November 14, 2017
Editor’s Note: Anna Kusler is a member of Panthera’s Teton Cougar Project team and a graduate researcher at Pace University in the Dyson College of Arts and Sciences.
The internet and our social media news feeds are filled with photos of our beloved feline companions sleeping in the oddest of locations: empty boxes in our closets, the top of the refrigerator, or hidden under clothes in the hamper.
Have you ever wondered if big cats sleep in similarly weird places? Despite the fact that scientists know a lot about the relationships between predators and their prey, we know surprisingly little about the sleeping habits of large predators, especially cryptic carnivores like pumas.

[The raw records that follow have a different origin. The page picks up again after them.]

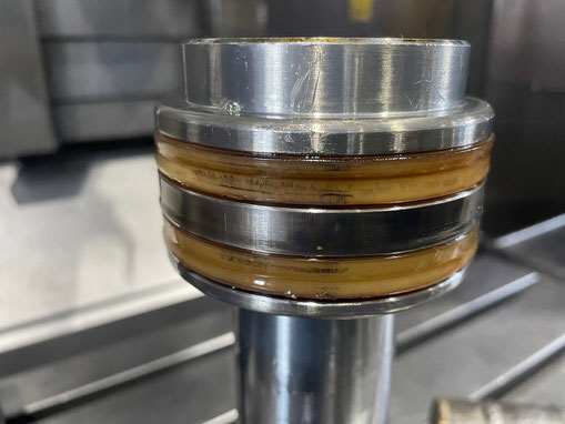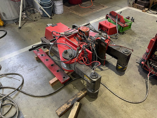 まずは上部に構造物がある前後サポートシリンダーから消耗品の交換を開始。
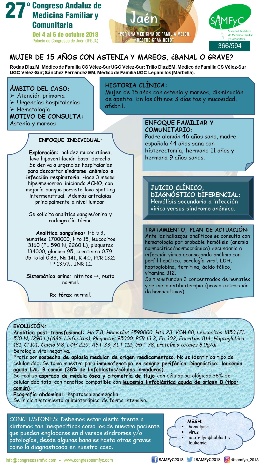Mujer de 15 años con astenia y mareos, disminución de apetito. En los últimos 3 días tos y mucosidad, afebril.
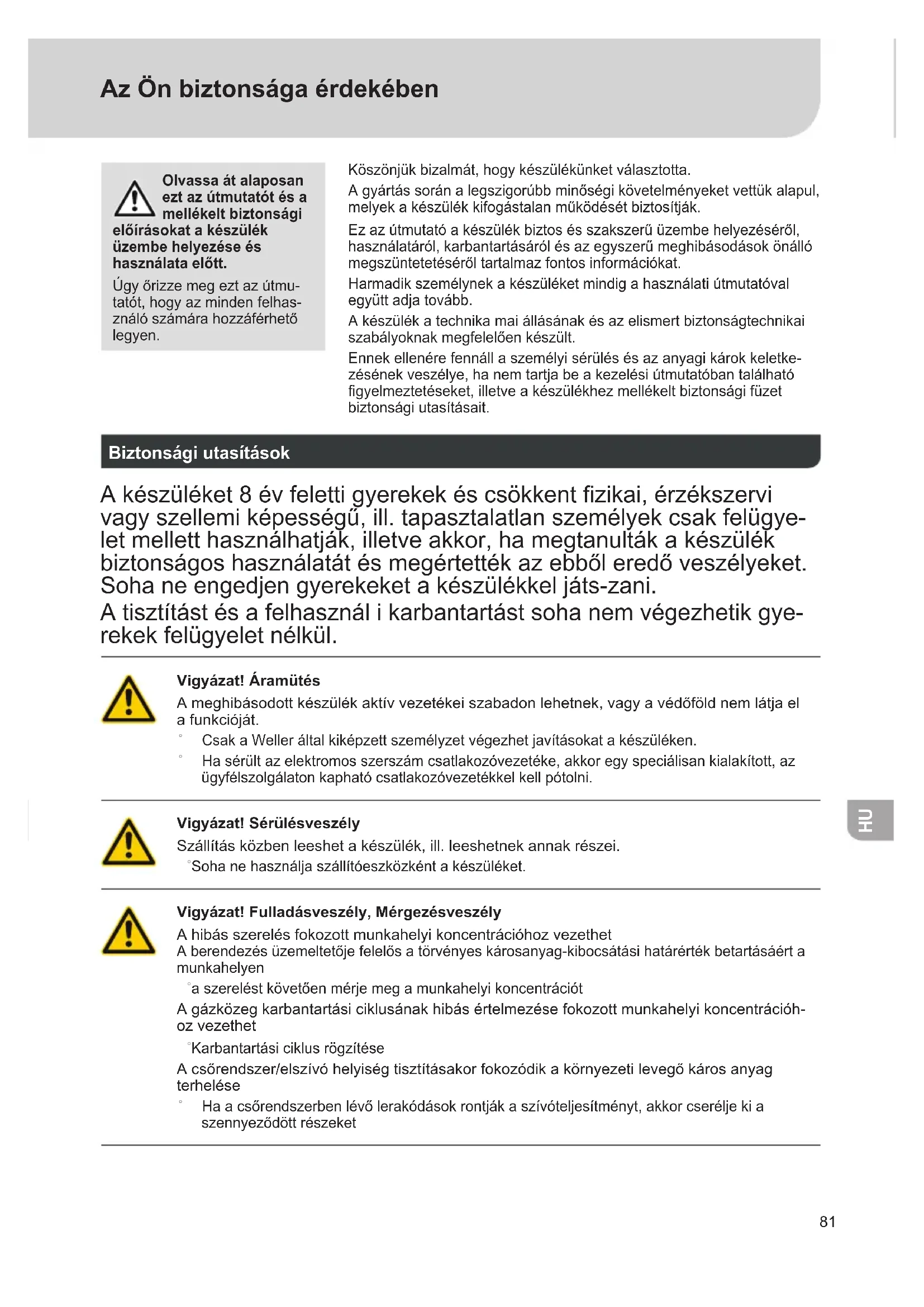 Az Ön biztonsága érdekében Olvassa át alaposan ezt az útmutatót és a mellékelt biztonsági előírásokat a készülék üzembe helyezése és használata előtt. Úgyőrizzemegeztazútmu- tatót,hogyazmindenfelhas- ználószámárahozzáférhető legyen. Köszönjükbizalmát,hogykészülékünketválasztotta. Agyártássoránalegszigorúbbminőségikövetelményeketvettükalapul, melyekakészülékkifogástalanműködésétbiztosítják. Ezazútmutatóakészülékbiztosésszakszerűüzembehelyezéséről, használatáról,karbantartásárólésazegyszerűmeghibásodásokönálló megszüntetetésérőltartalmazfontosinformációkat. Harmadikszemélynekakészüléketmindigahasználatiútmutatóval együttadjatovább. Akészülékatechnikamaiállásánakésazelismertbiztonságtechnikai szabályoknakmegfelelőenkészült. Ennekellenérefennállaszemélyisérülésésazanyagikárokkeletke- zésénekveszélye,hanemtartjabeakezelésiútmutatóbantalálható gyelmeztetéseket,illetveakészülékhezmellékeltbiztonságifüzet biztonságiutasításait. Biztonsági utasítások Akészüléket8évfelettigyerekekéscsökkentzikai,érzékszervi vagyszellemiképességű,ill.tapasztalatlanszemélyekcsakfelügye- letmelletthasználhatják,illetveakkor,hamegtanultákakészülék biztonságoshasználatátésmegértettékazebbőleredőveszélyeket. Sohaneengedjengyerekeketakészülékkeljáts-zani. Atisztítástésafelhasználikarbantartástsohanemvégezhetikgye- rekekfelügyeletnélkül. Vigyázat! Áramütés Ameghibásodottkészülékaktívvezetékeiszabadonlehetnek,vagyavédőföldnemlátjael afunkcióját. ˚ CsakaWelleráltalkiképzettszemélyzetvégezhetjavításokatakészüléken. ˚ Hasérültazelektromosszerszámcsatlakozóvezetéke,akkoregyspeciálisankialakított,az ügyfélszolgálatonkaphatócsatlakozóvezetékkelkellpótolni. Vigyázat! Sérülésveszély Szállításközbenleeshetakészülék,ill.leeshetnekannakrészei. ˚ Sohanehasználjaszállítóeszközkéntakészüléket. Vigyázat! Fulladásveszély, Mérgezésveszély Ahibásszerelésfokozottmunkahelyikoncentrációhozvezethet Aberendezésüzemeltetőjefelelősatörvényeskárosanyag-kibocsátásihatárértékbetartásáérta munkahelyen ˚ aszereléstkövetőenmérjemegamunkahelyikoncentrációt Agázközegkarbantartásiciklusánakhibásértelmezésefokozottmunkahelyikoncentrációh- oz vezethet ˚ Karbantartásiciklusrögzítése Acsőrendszer/elszívóhelyiségtisztításakorfokozódikakörnyezetilevegőkárosanyag terhelése ˚ Haacsőrendszerbenlévőlerakódásokrontjákaszívóteljesítményt,akkorcseréljekia szennyeződöttrészeket82
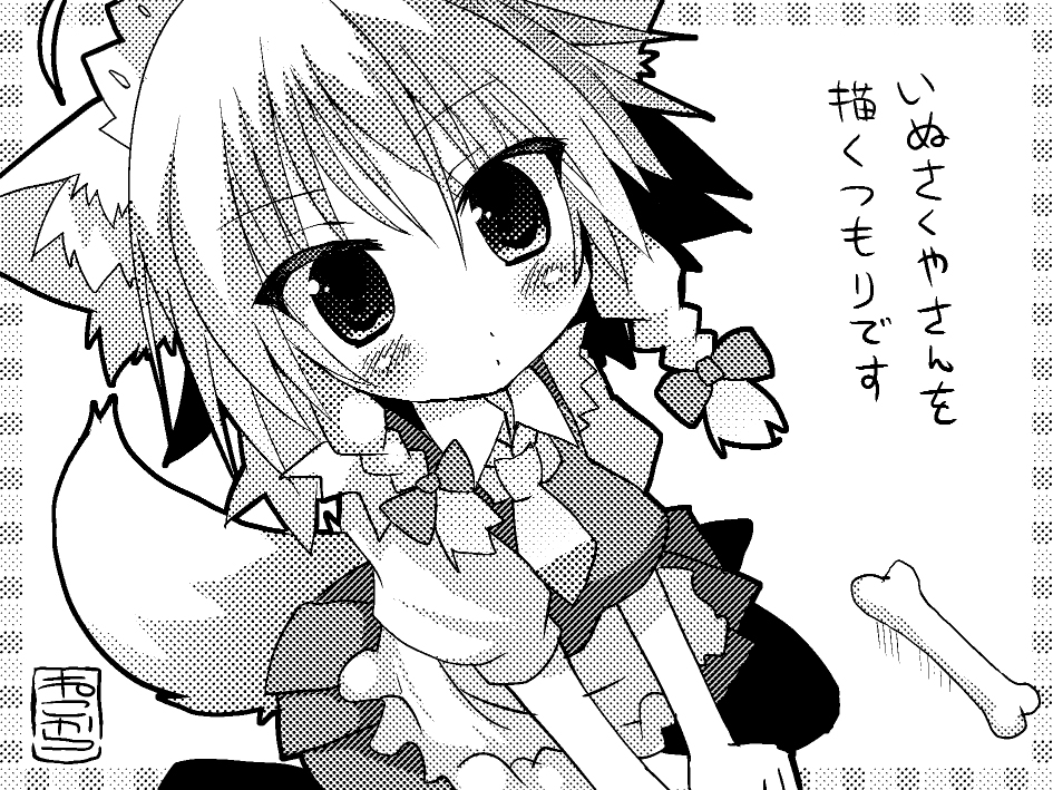 1girlanimal earsbraiddog earsdog tailfemale focusgreyscalekemonomimi modemonochromeribbonsolotailtwin braids
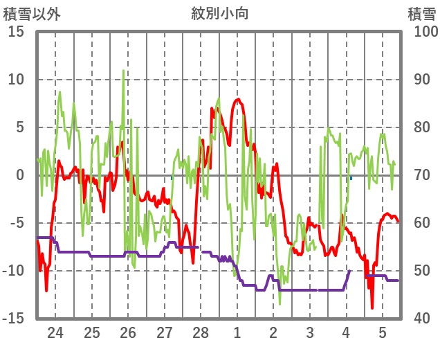 | 日 | 時 | 気温 | 降水 | 風向/風速 | 日照 | 積雪 | 降雪 |
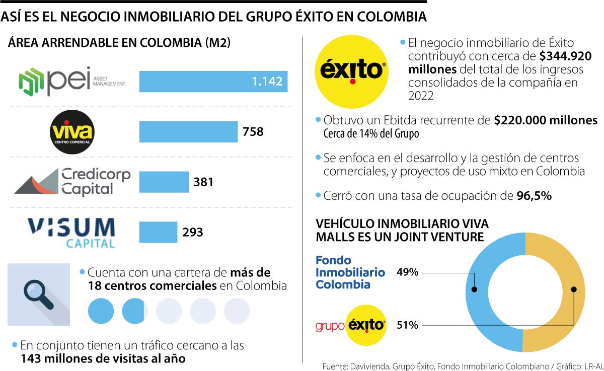 Más allá del retail, el Éxito es un grupo con un músculo inmobiliario que, en Colombia, solo está por debajo del PEI Asset Management y que tiene un área arrendable de 758.000 metros cuadrados, incluyendo unos centros comerciales que reciben 143 millones de visitas al año y que explotan la marca Viva. El negocio ahora entra en la órbita de los analistas, después de la oferta de Jaime Gilinski que fue rechazada esta semana y que podría ser el capítulo inicial de una batalla por la compañía paisa.

From Pumas, Clues to Your Cat's Strange Sleep Spots from
Panthera Cats on
Vimeo.
We at
Panthera’s Teton Cougar Project (TCP), which has
made major progress unraveling the secret lives of pumas, set out to change that. In our
newest paper published in the scientific journal PeerJ, we report that pumas love to sleep in concealed places where it would be difficult for a potential competitor to see them.
But why would bed sites even matter? Even though most of us probably think of pumas as top predators with little to fear, that’s not always the case. In North America, much larger grizzly and black bears steal their hard-earned kills. Wolves, as pack animals, steal their kills AND kill them and their kittens. So pumas need to find safe places (scientifically referred to as “refugia”) where it is difficult or unlikely that other predators can disturb or hurt them.
Over the course of four years (from 2012-2016), our research team visited 599 puma bed sites with the help of satellite GPS collars and documented the characteristics of the places these elusive predators slept. We shimmied under fallen trees and balanced along craggy cliff bands in search of their sign.
If we were lucky, we would find the soft depression in the needles, dirt, or snow that marked where their body had laid. If we were even luckier, we would find a few soft, springy hairs—just the tiniest of traces to betray their ghost-like presence on the landscape.
We often found puma beds tucked underneath the low-lying boughs of a tree, or against the rugged face of an inaccessible cliff. They seem to prefer steep, rugged terrain, like cliff bands and boulder fields. The bone structure in pumas’ feet allows them to grip rocks and logs much more easily than can wolves and bears, allowing pumas a distinct escape advantage should a competitor try to sneak up on them during a cat nap.
Similarly, you’ll almost never find a puma sleeping out in an open meadow; these cryptic cats typically chose to sleep within or nearby the safety of the forest, where there are plenty of trees to climb in case of an emergency.
We also found that warmth (thermoregulation) was very influential in bed site selection, especially in the winter. So, like your housecat loves to sleep in the sunny warmth of a windowsill, pumas like to maximize their exposure to the sun’s rays. That meant many bed sites were on south-facing slopes, where the warmth from the sun is strongest.
Why does such research matter to pumas? When many people think about conserving or managing large predators like pumas, they typically focus on their food requirements (i.e. the availability of prey species like deer). Though this is definitely an important consideration, pumas must constantly manage a trade-off between finding food and staying safe. Because the best hunting habitats are not necessarily the safest places to sleep, a puma must find a home range that can provide both types of environment.
We hope that this new research will help scientists, managers, and conservationists to broaden their perspective when considering the kinds of habitats and landscapes pumas may need in order to make the best-possible conservation and management decisions.
The next time you see your housecat sleeping in an empty box on the top shelf of your closet, maybe you can imagine a puma doing something similar: silent and hidden, napping under the boughs of a tree or the crags of a cliff, perched high above the world. Perhaps our domestic companions and their bigger, distant relatives aren’t so different after all.